Output the entries exactly.

● **Available data**:
+ + +

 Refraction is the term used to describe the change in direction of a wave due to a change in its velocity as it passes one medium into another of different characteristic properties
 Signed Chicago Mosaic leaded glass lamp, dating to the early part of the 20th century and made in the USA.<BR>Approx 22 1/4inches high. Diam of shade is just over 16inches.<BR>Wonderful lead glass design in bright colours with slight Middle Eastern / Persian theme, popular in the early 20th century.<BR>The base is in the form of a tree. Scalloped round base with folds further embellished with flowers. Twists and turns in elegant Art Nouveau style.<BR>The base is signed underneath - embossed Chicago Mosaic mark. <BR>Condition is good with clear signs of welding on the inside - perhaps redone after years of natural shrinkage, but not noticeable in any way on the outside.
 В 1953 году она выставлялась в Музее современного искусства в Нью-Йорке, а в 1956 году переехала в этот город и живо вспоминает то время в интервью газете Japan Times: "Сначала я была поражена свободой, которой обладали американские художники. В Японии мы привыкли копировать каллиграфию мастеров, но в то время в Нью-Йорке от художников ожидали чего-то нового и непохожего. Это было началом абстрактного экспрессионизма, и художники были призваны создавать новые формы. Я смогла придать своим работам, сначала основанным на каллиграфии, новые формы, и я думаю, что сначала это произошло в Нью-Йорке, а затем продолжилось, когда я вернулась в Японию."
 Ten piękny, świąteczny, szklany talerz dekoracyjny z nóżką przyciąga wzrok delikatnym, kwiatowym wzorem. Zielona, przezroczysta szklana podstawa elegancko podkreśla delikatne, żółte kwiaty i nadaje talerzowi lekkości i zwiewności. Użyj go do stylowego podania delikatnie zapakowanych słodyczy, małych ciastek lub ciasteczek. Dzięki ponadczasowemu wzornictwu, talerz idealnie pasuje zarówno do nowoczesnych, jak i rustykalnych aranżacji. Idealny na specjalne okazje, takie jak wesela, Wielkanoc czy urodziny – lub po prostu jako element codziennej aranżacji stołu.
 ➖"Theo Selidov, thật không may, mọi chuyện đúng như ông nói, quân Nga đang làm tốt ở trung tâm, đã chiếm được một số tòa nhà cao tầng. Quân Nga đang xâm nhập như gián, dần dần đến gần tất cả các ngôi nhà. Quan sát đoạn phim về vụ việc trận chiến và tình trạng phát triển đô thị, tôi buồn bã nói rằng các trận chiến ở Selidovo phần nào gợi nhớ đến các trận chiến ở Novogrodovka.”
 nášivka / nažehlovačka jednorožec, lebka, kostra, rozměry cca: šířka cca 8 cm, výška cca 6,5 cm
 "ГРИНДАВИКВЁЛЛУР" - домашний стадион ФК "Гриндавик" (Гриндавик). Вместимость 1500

+ + +

● **Response area**:
 Refraction is the term used to describe the change in direction of a wave due to a change in its velocity as it passes one medium into another of different characteristic properties
 Signed Chicago Mosaic leaded glass lamp, dating to the early part of the 20th century and made in the USA.<BR>Approx 22 1/4inches high. Diam of shade is just over 16inches.<BR>Wonderful lead glass design in bright colours with slight Middle Eastern / Persian theme, popular in the early 20th century.<BR>The base is in the form of a tree. Scalloped round base with folds further embellished with flowers. Twists and turns in elegant Art Nouveau style.<BR>The base is signed underneath - embossed Chicago Mosaic mark. <BR>Condition is good with clear signs of welding on the inside - perhaps redone after years of natural shrinkage, but not noticeable in any way on the outside.
 В 1953 году она выставлялась в Музее современного искусства в Нью-Йорке, а в 1956 году переехала в этот город и живо вспоминает то время в интервью газете Japan Times: "Сначала я была поражена свободой, которой обладали американские художники. В Японии мы привыкли копировать каллиграфию мастеров, но в то время в Нью-Йорке от художников ожидали чего-то нового и непохожего. Это было началом абстрактного экспрессионизма, и художники были призваны создавать новые формы. Я смогла придать своим работам, сначала основанным на каллиграфии, новые формы, и я думаю, что сначала это произошло в Нью-Йорке, а затем продолжилось, когда я вернулась в Японию."
 Ten piękny, świąteczny, szklany talerz dekoracyjny z nóżką przyciąga wzrok delikatnym, kwiatowym wzorem. Zielona, przezroczysta szklana podstawa elegancko podkreśla delikatne, żółte kwiaty i nadaje talerzowi lekkości i zwiewności. Użyj go do stylowego podania delikatnie zapakowanych słodyczy, małych ciastek lub ciasteczek. Dzięki ponadczasowemu wzornictwu, talerz idealnie pasuje zarówno do nowoczesnych, jak i rustykalnych aranżacji. Idealny na specjalne okazje, takie jak wesela, Wielkanoc czy urodziny – lub po prostu jako element codziennej aranżacji stołu.
 ➖"Theo Selidov, thật không may, mọi chuyện đúng như ông nói, quân Nga đang làm tốt ở trung tâm, đã chiếm được một số tòa nhà cao tầng. Quân Nga đang xâm nhập như gián, dần dần đến gần tất cả các ngôi nhà. Quan sát đoạn phim về vụ việc trận chiến và tình trạng phát triển đô thị, tôi buồn bã nói rằng các trận chiến ở Selidovo phần nào gợi nhớ đến các trận chiến ở Novogrodovka.”
 nášivka / nažehlovačka jednorožec, lebka, kostra, rozměry cca: šířka cca 8 cm, výška cca 6,5 cm
 "ГРИНДАВИКВЁЛЛУР" - домашний стадион ФК "Гриндавик" (Гриндавик). Вместимость 1500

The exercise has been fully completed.